As most Compliance Week subscribers know, a short seller bets that a company’s stock price will fall. To profit, the seller borrows shares and sells them; once the stock price drops, the seller buys cheaper shares to cover the borrowed one, pocketing the difference. But in a naked short transaction, the seller doesn’t actually borrow the stock. This “abusive” short selling, as the SEC calls it, can allow manipulators to drive prices down lower than would be possible in legitimate short-selling conditions. More specifically, companies and regulators believe that short sellers have contributed to the financial crisis by spreading false rumors and selling stock short to profit.

The new rule includes an exception for market makers and includes penalties for short sellers and broker-dealers who violate new “close out” requirements (securities must be delivered on “T+3,” or three days after the sale transaction date). Also adopted was a short selling antifraud rule, which targets short sellers who “lie about their intention or ability to deliver securities in time for settlement.”

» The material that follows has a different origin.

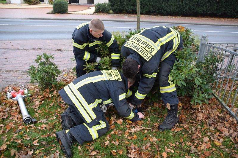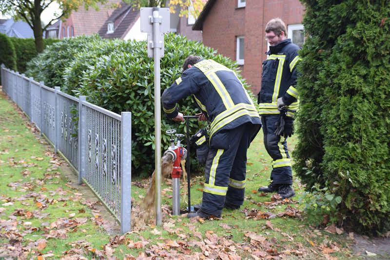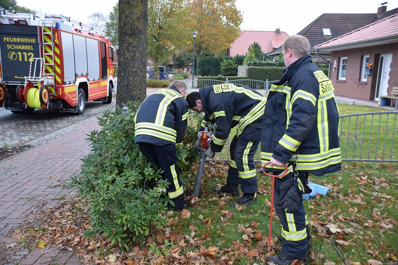 Am Samstag den 21.10.2017 gegen 09:00 Uhr führte die Freiwillige Feuerwehr Scharrel mit 20 aktiven Kameraden die alljährliche Hydrantenpflege durch. Diese dient dazu, die in den Löschbezirken Scharrel und Sedelsberg bis hin zum C-Port befindlichen Hydranten auf ihre Funktionsfähigkeit zu überprüfen und ggf. von Verschmutzungen oder ähnlichem zu befreien. Die Maßnahme ist notwendig, um im Einsatzfall schnell und zuverlässig eine Wasserversorgung herstellen zu können. Dieses heißt für die Kameraden 160 mal das Standrohr aufbauen, anschließen, Hydrant ausprobieren und mit einer Folie unter dem Deckel wieder verschließen. Jede Veränderung oder Beschädigung gegenüber des Vorjahres wird sofort dem OOWV gemeldet.

Two key questions, of course, relate to whether the SEC is too late, and whether the actions will have any impact. Specifically, some are arguing (quite vociferously) that the Commission should re-institute the “Uptick Rule,” which stated that short selling was only allowed on an uptick (in other words, a security can not be sold short unless the last trade prior to the short sale was at a price lower than the price at which the short sale is executed).

We’ll keep tracking this issue for readers; look for an article in next Tuesday’s edition of Compliance Week that looks at the impact of this short-selling ban on all public companies.

Posted by: mkelly @ 11:43 am

Filed under: Litigation, Mortgage Crisis, SEC

 

September 16, 2008

SEC Still Pursuing Disgorgement, D&O Bars

Compliance Week Editor-in-Chief Matt Kelly is in China. This entry posted by Compliance Week Publisher Scott Cohen:

 If there was any doubt that that the Commission is serious about disgorging profits from executives charged with fraud, one need only look to the latest settlement with former KB Home CEO Bruce Karatz.

Karatz, whose company was being investigated for backdating of stock options two years ago, will pay more than $6.7 million in disgorgement and prejudgment interest, plus a $480,000 penalty. He will also be barred from serving as an officer or director of a public company for five years. According to the complaint, Karatz not only signed false SOX certifications, but he actively “aided and abetted KB Home’s violations of the financial reporting, recordkeeping, and internal controls requirements.”

As Compliance Week has reported for the past few years, the Commission is actively seeking disgorgement whenever possible—a trend that gained momentum during Chairman Donaldson’s regime, when Stephen Cutler ran the enforcement division. Back in 2003, for example, shortly after Donaldson was named Chairman, six former Xerox officers agreed to pay $22 million in penalties and disgorgement payments to the SEC; numerous settlements have followed. Other executives have been pressured to return gains: Former Vivendi CEO Jean-Marie Messier relinquished his claims to about $26 million, and 12 executives at Nortel agreed to return about $8.6 million in bonuses after an incident involving “inappropriate provisioning.”

As Compliance Week reported back in 2005, the Commission is even, in some cases, seeking disgorgement of base salary, not just the bonuses and equity awards that are typically sought.

The same day that the Commission announced the Karatz settlement, it also disclosed that it would disgorge $751,978 from the former CEO of the Kansas City-based American Italian Pasta Company, who had been charged with accounting fraud; the CEO also got a permanent D&O bar, plus penalties.

Compliance Week will continue to track this trend; readers should keep an eye on our ongoing list of investigations, both internal and external, at U.S. public companies.